**Data extract**
________________________________________

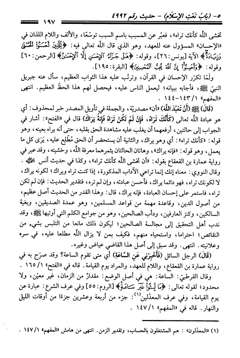 تخشى الله كأنك تراه"، فعبّر عن المسبب باسم السبب توسّعًا، والألف واللام اللذان فِي "الإحسان" المسؤول عنه للعهد، وهو الذي قَالَ الله تعالى فيه: {لِلَّذِينَ أَحْسَنُوا الْحُسْنَى وَزِيَادَةٌ} الآية [يونس: 26]، وقوله: {هَلْ جَزَاءُ الْإِحْسَانِ إِلَّا الْإِحْسَانُ} [الرحمن: 60] وقوله: {وَأَحْسِنُوا إِنَّ اللَّهَ يُحِبُّ الْمُحْسِنِينَ} [البقرة: 195].
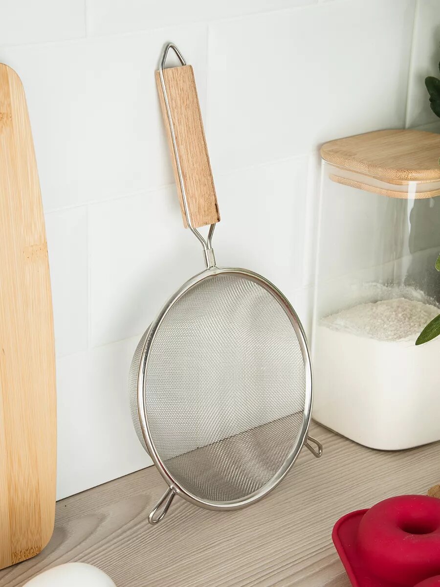 Сито 16 см металлическое мелкое с ручкой для муки дуршлаг интересное:
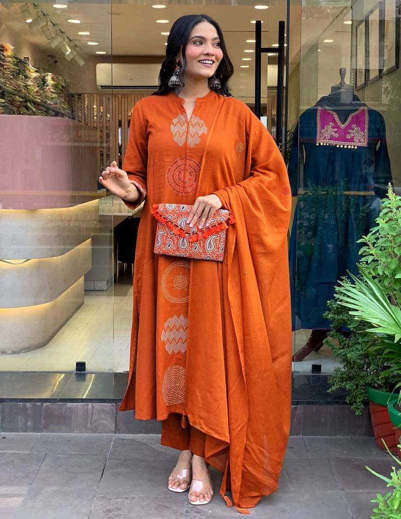 | Product Description | Stand Out In Style With This Modern Rust Kurta Set Featuring Unique Geometric Prints And A Relaxed Silhouette. Designed For Comfort And Trend Appeal, It Includes Matching Bottoms And A Coordinated Dupatta. Perfect For Casual Wear, Festive Gatherings, And Contemporary Ethnic Styling With A Bold, Vibrant Look. |
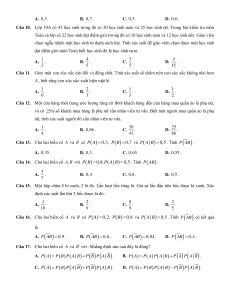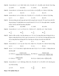 A B thỏa mãn PB 0,5; P AB 0,3 thì P AB bằng: 3 4 1 3 A. . B. . C. . D. . 20 5 5 5 Câu 8.
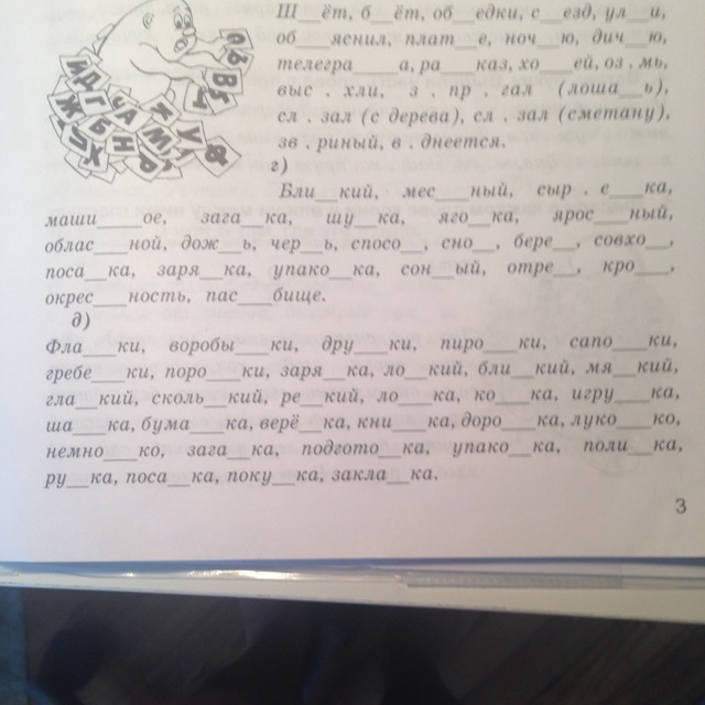 флаЖки (флажок), воробыШки (воробышек), друЖки (дружок), пироЖки (пирожок), сапоЖки (сапожек), гребеШки (гребешок), пороЖки (порожек), заряДка (зарядочка), лоВкий (ловок), блиЗкий (близок), мяГкий (мягок), глаДкий (гладок), скольЗский (скользит), реЗкий (резок), лоДка или лоЖка (лодочка, ложечка), коШка (кошечка), игруШка (игрушечка), шаПка (шапочка), бумаЖка (бумажечка), верёВка (верёвочка), книЖка (книжечка), дороЖка (дорожечка), лукоШко (лукошечко), немноЖко (немножечко), загаДка (загадочка, загадать), подготоВка (готовить), упакоВка (упаковочка, паковать), полиВка (поливать), руБка (рубить), посаДка (садить), покуПка (купить), заклаДка (закладочка).
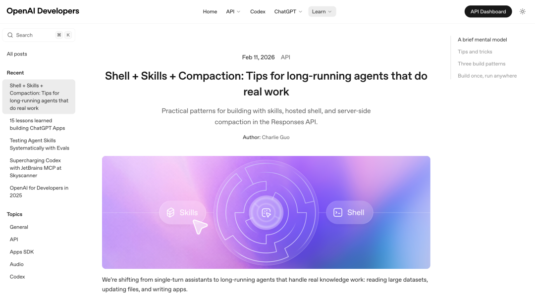 OpenAI Developers 最近更新文章了,分享了一些让长期运行的 agents 更高效的技巧,核心是三样东西:Skills、Shell、Compaction。

________________________________________

**Task directions**
Leave out the pictures and copy every record above exactly.

**Response below**
 تخشى الله كأنك تراه"، فعبّر عن المسبب باسم السبب توسّعًا، والألف واللام اللذان فِي "الإحسان" المسؤول عنه للعهد، وهو الذي قَالَ الله تعالى فيه: {لِلَّذِينَ أَحْسَنُوا الْحُسْنَى وَزِيَادَةٌ} الآية [يونس: 26]، وقوله: {هَلْ جَزَاءُ الْإِحْسَانِ إِلَّا الْإِحْسَانُ} [الرحمن: 60] وقوله: {وَأَحْسِنُوا إِنَّ اللَّهَ يُحِبُّ الْمُحْسِنِينَ} [البقرة: 195].
 Сито 16 см металлическое мелкое с ручкой для муки дуршлаг интересное:
 | Product Description | Stand Out In Style With This Modern Rust Kurta Set Featuring Unique Geometric Prints And A Relaxed Silhouette. Designed For Comfort And Trend Appeal, It Includes Matching Bottoms And A Coordinated Dupatta. Perfect For Casual Wear, Festive Gatherings, And Contemporary Ethnic Styling With A Bold, Vibrant Look. |
 A B thỏa mãn PB 0,5; P AB 0,3 thì P AB bằng: 3 4 1 3 A. . B. . C. . D. . 20 5 5 5 Câu 8.
 флаЖки (флажок), воробыШки (воробышек), друЖки (дружок), пироЖки (пирожок), сапоЖки (сапожек), гребеШки (гребешок), пороЖки (порожек), заряДка (зарядочка), лоВкий (ловок), блиЗкий (близок), мяГкий (мягок), глаДкий (гладок), скольЗский (скользит), реЗкий (резок), лоДка или лоЖка (лодочка, ложечка), коШка (кошечка), игруШка (игрушечка), шаПка (шапочка), бумаЖка (бумажечка), верёВка (верёвочка), книЖка (книжечка), дороЖка (дорожечка), лукоШко (лукошечко), немноЖко (немножечко), загаДка (загадочка, загадать), подготоВка (готовить), упакоВка (упаковочка, паковать), полиВка (поливать), руБка (рубить), посаДка (садить), покуПка (купить), заклаДка (закладочка).
 OpenAI Developers 最近更新文章了,分享了一些让长期运行的 agents 更高效的技巧,核心是三样东西:Skills、Shell、Compaction。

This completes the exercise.